Write out each line of the material exactly as given, and drop the images.

┌─ DATA EXTRACT

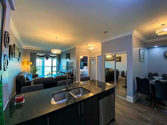 Showstopper! The best of the best! Beautiful One bedroom plus den with huge balcony overlooking the 848 acre conservation area. Suite is fully upgraded with no expense spared. Crown mouldings, high baseboards and laminate flooring throughout. Upgraded light fixtures with LED lights and dimmers. Kitchen with glass doors, undercabinet lighting, backsplash and granite countertops. Stainless Steel appliances and upgraded faucet. Washroom with glass shower doors, medicine cabinet and new toilet and vanity with quartz countertops. Master Bedroom is a good size with double mirror closet doors. Custom window coverings makes the place feel so inviting just like a model home.
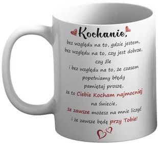 ". . . bez względu na to, czy jest dobrze czy źle i bez względu na to, że czasem popełniamy błędy, pamiętaj proszę. . . " Kubek z okazji Walentynek na prezent Kubek z nadrukiem jako prezent na Walentynki, dzień Kobiet, Mikołaja, Gwiazdkę, urodziny, imieniny oraz pod Choinkę. SPECYFIKACJA KUBKA: Idealny na oryginalny prezent, zapakowany białe estetyczne pudełeczko z okienkiem. Nadruk na kubku wykonany jest trwałą metodą sublimacyjną.
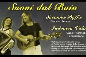Susanna Buffa e Ludovica Valori @ Roma “Suoni dal buio”, Susanna Buffa e Ludovica Valori Dall’oscurità profonda della fatica, dell’emigrazione forzata, della violenza subìta nei passati due secoli dalle classi subalterne, emergono voci resistenti che si esprimono attraverso la forza del canto di tradizione popolare. Susanna Buffa, voce e chitarra, e Ludovica Valori, voce, fisarmonica e trombone, fanno da guida in questo viaggio dal buio verso al luce le cui tappe sono i canti narrativi e quelli del lavoro, le…

└─

◆ **TASK RESPONSE**
 Showstopper! The best of the best! Beautiful One bedroom plus den with huge balcony overlooking the 848 acre conservation area. Suite is fully upgraded with no expense spared. Crown mouldings, high baseboards and laminate flooring throughout. Upgraded light fixtures with LED lights and dimmers. Kitchen with glass doors, undercabinet lighting, backsplash and granite countertops. Stainless Steel appliances and upgraded faucet. Washroom with glass shower doors, medicine cabinet and new toilet and vanity with quartz countertops. Master Bedroom is a good size with double mirror closet doors. Custom window coverings makes the place feel so inviting just like a model home.
 ". . . bez względu na to, czy jest dobrze czy źle i bez względu na to, że czasem popełniamy błędy, pamiętaj proszę. . . " Kubek z okazji Walentynek na prezent Kubek z nadrukiem jako prezent na Walentynki, dzień Kobiet, Mikołaja, Gwiazdkę, urodziny, imieniny oraz pod Choinkę. SPECYFIKACJA KUBKA: Idealny na oryginalny prezent, zapakowany białe estetyczne pudełeczko z okienkiem. Nadruk na kubku wykonany jest trwałą metodą sublimacyjną.
Susanna Buffa e Ludovica Valori @ Roma “Suoni dal buio”, Susanna Buffa e Ludovica Valori Dall’oscurità profonda della fatica, dell’emigrazione forzata, della violenza subìta nei passati due secoli dalle classi subalterne, emergono voci resistenti che si esprimono attraverso la forza del canto di tradizione popolare. Susanna Buffa, voce e chitarra, e Ludovica Valori, voce, fisarmonica e trombone, fanno da guida in questo viaggio dal buio verso al luce le cui tappe sono i canti narrativi e quelli del lavoro, le…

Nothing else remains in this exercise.